Try it
Copy word for word the lines in the records below, starting at the line with "CIELab 39.094,65.537,-6.076 Color" and ending at the line with "High Quality Customized". Skip the pictures.

Records for this task
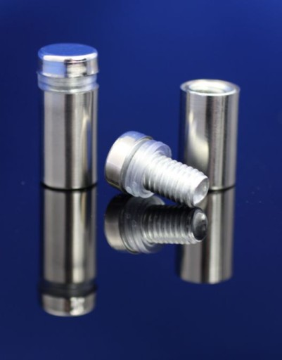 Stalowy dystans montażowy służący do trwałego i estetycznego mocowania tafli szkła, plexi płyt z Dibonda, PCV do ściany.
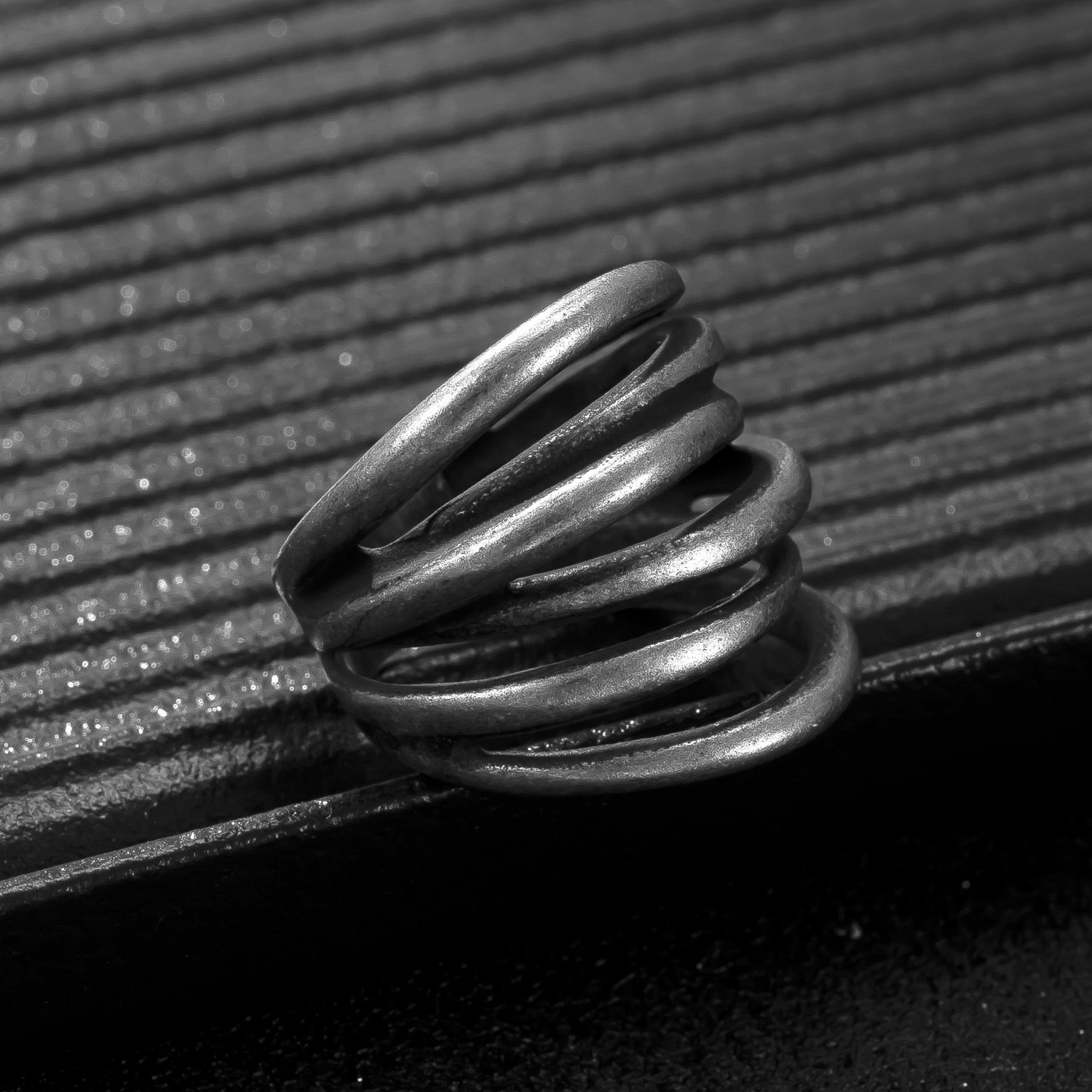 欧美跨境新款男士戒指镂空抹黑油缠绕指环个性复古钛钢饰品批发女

==

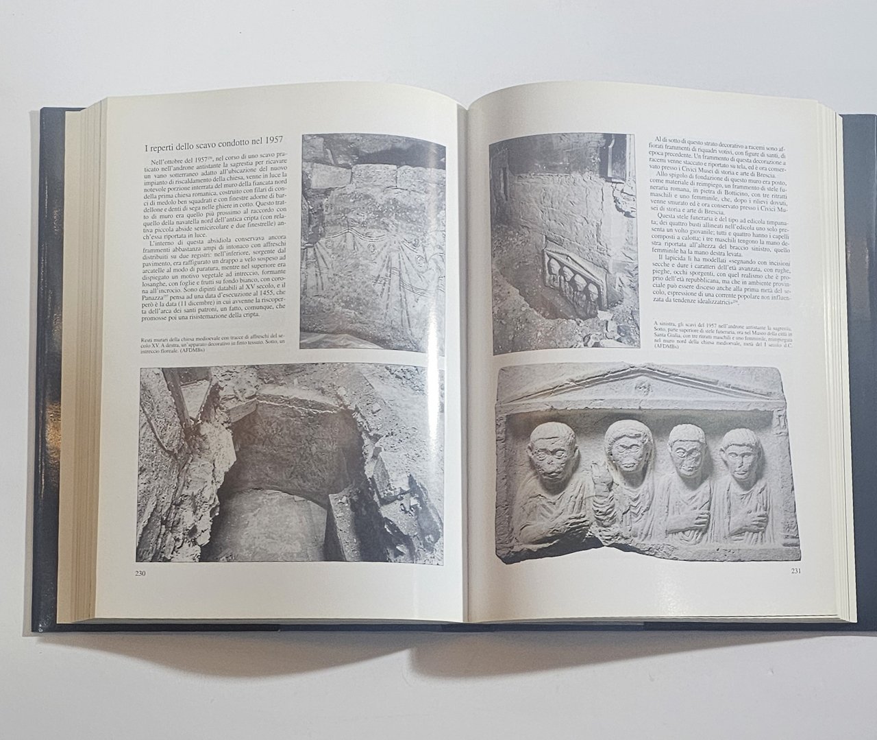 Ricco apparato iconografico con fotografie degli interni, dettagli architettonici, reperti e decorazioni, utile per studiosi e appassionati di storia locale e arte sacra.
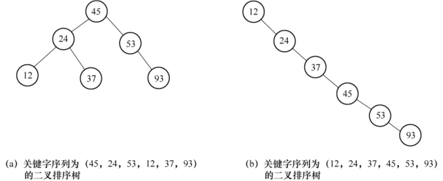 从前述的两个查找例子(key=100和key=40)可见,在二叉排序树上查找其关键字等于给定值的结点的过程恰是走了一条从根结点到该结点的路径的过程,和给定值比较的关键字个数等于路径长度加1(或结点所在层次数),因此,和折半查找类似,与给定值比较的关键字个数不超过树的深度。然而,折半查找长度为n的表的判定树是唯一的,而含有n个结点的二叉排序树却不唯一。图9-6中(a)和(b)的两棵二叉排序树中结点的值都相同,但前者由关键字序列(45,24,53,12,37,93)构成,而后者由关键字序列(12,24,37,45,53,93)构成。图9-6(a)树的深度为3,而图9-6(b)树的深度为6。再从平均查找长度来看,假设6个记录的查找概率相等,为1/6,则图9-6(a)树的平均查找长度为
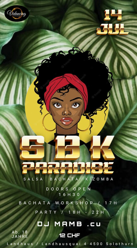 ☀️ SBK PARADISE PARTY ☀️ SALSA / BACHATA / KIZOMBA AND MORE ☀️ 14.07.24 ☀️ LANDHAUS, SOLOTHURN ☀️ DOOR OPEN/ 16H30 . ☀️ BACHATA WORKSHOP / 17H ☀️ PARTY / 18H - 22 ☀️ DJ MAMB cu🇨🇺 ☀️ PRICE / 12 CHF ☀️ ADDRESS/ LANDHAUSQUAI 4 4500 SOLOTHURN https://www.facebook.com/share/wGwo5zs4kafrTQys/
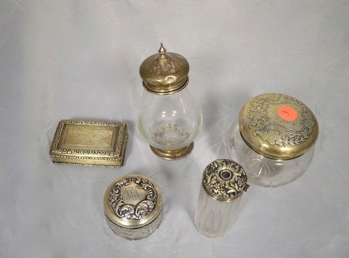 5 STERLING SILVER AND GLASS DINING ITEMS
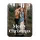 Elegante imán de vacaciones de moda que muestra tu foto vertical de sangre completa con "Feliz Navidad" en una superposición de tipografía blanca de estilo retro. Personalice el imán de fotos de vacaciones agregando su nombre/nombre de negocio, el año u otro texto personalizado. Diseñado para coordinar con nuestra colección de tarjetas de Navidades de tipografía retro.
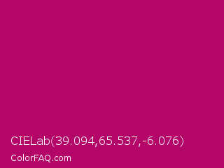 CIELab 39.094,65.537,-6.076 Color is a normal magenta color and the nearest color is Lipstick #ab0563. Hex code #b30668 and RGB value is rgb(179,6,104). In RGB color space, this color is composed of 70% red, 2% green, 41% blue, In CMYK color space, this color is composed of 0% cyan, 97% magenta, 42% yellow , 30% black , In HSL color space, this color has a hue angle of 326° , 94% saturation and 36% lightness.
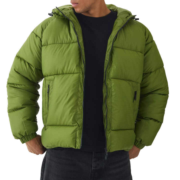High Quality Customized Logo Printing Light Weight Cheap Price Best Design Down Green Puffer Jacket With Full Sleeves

Response to this task
 CIELab 39.094,65.537,-6.076 Color is a normal magenta color and the nearest color is Lipstick #ab0563. Hex code #b30668 and RGB value is rgb(179,6,104). In RGB color space, this color is composed of 70% red, 2% green, 41% blue, In CMYK color space, this color is composed of 0% cyan, 97% magenta, 42% yellow , 30% black , In HSL color space, this color has a hue angle of 326° , 94% saturation and 36% lightness.
High Quality Customized Logo Printing Light Weight Cheap Price Best Design Down Green Puffer Jacket With Full Sleeves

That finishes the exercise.